The preference for consonant sounds varies across nations but is most predominant in Western cultures, according to Josh McDermott, assistant professor of brain and cognitive sciences at the Massachusetts Institute of Technology and lead author of the study. “This indicates that the preference for consonance depends on exposure to particular types of music, probably those that feature harmony in which some combinations of notes are prioritized over others,” he stated. “If it were ‘hardwired,’ one would not expect such dramatic cultural variation; everyone would be expected to have a robust preference.”

For more variation in the study, McDermott and his colleagues traveled to the Tsimane village in the Amazon Rainforest in northwest Bolivia. The Tsimane village was chosen because it has limited access to the outside world. One hundred villagers listened to both consonant and dissonant chords, as well as some unrelated control experiments, such as laughter and gasps of surprise, in order to make sure that the task was understood. The study also had one hundred Westerners listen to the same sounds.

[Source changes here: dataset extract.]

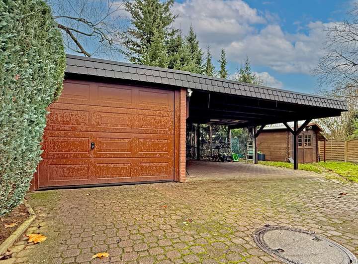 Abgerundet wird dieses attraktive Angebot durch einen geräumigen Vollkeller, der einen Saunabereich mit Dusche und eine Menge Stauraum bietet, sowie eine Garage mit angrenzendem Doppelcarport.

Both the Tsimane villagers and the Westerners rated laughter as a pleasant sound and gasps as an unpleasant sound. The difference in musical preference comes, as expected, when the villagers and Westerners listened to the chords. Westerners rated the consonant sounds as pleasant and the dissonant sounds as unpleasant; however, the villagers rated the consonant and dissonant sounds as equally pleasant.

Usually, consonant chords seem more harmonic and upbeat, whereas dissonant chords sound like they clash and seem more tense. McDermott said, “By the time we conducted the study, I had become aware that consonance preferences even among Westerners vary considerably, being stronger in people who have played an instrument.”

Sandra Trehub, a professor of psychology at the University of Toronto-Mississauga who was not involved in the study, also weighed in on Professor McDermott’s findings. “If we had an innate preference for consonance, then people in many cultures―for example, Balinese musicians who tune pairs of instruments to generate dissonance when played together and traditional ganga singers in rural Croatia who sing melodies one semitone apart in their duets―would have to overcome an innate disdain for dissonance. Their audiences would too, of course.”

Trehub has studied infants and music, and has noted that even as babies, we tend to prefer music and sounds that we are familiar with. After all, why do mothers- and fathers-to-be talk to the baby in the womb? So that the baby will recognize the voice and associate it with someone who loves them and will care for them.

In another study, it was revealed that your taste in music comes from what you listened to the most in your early adolescence. Research has shown that memories from our young adulthood are more vivid and plentiful, which makes the music we heard then more appealing to us. Other psychologists suggest that we remember more from this time in our lives because it shaped who we became.

Over the years, we have learned how much different cultures affect people. The food, the clothing, even the pets differ with each culture; now we know that it also affects our music taste.